Guy Dammann 

Michael Gordon: Timber review – bewildering yet comforting

UK premiere of this minimalist cult classic was gripping and different, not least because of the Ikea-style programme and white-suited musicians, writes Guy Dammann
  
  

Composer Michael Gordon.
Continually shifting the musical focus … Michael Gordon Photograph: PR

Even before it started, this concert promised something different. First, the programme note looked like an Ikea booklet, showing the means of construction of the piece and its components (six lengths of 2x4, 12 percussion mallets, six pairs of hands, one composer, etc). Second, the players, led by the Aurora Orchestra’s principal percussionist Henry Baldwin, and featuring the outstanding talents of Serge Vuille and Scott Lumsdaine alongside three talented Royal College students, wore white – musicians always wear black.

As promised, the music was indeed different. Composed in 2011 by the American minimalist composer Michael Gordon, one of the founders of the Bang on a Can ensemble, Timber has become something of a cult classic, although it’s taken until now to receive its UK premiere.

Each player has one of six strips of plain timber of varying lengths, each mounted on a simple trestle and lightly amplified. The different lengths produce different pitches, but depending on where and how the instruments are hit, the tonal qualities are more or less obscured.

Indeed, the musical experience is characterised by the way each sound seems to hover on the edge of itself: rough pitches emerge from the natural timbres, producing occasional flurries of overtones, so that the listening focus is always shifting. And as the rhythmic cycles go in and out of phase, there’s also a spray effect, a little like hearing rainfall splatter unevenly on a flat roof.

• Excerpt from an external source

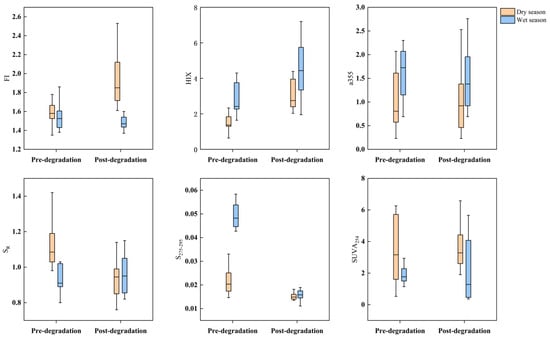 During the transformation process from Auto-DOC to Auto-RDOC, FI values indicated a shift from a mixed source to a microbial source during the dry season, while samples during the rainy season showed a more pronounced change towards a terrestrial source (Figure 2). The decrease in a355 revealed that microorganisms had consumed some CDOM during the Auto-DOC to Auto-RDOC process. HIX values showed an increase in the degree of organic matter humification and an enhancement of organic matter stability in the water samples. The decrease in S275–295 indicated an increase in relative molecular weight, consistent with results indicating an increase in the degree of humification, as indicated by the HIX. The slight increase in SUVA254 suggested a slight increase in aromaticity.

Though bewilderingly difficult to play, the construction is simple enough, with two more static outer sections sandwiching a more dynamic and rhythmically volatile inner section. But the experience is gripping throughout, as if one is in the presence of unpredictable machinations of some benevolent but entirely inscrutable intelligence. It’s bewildering and comforting at the same time, and considerably better than struggling with an Ikea instruction booklet.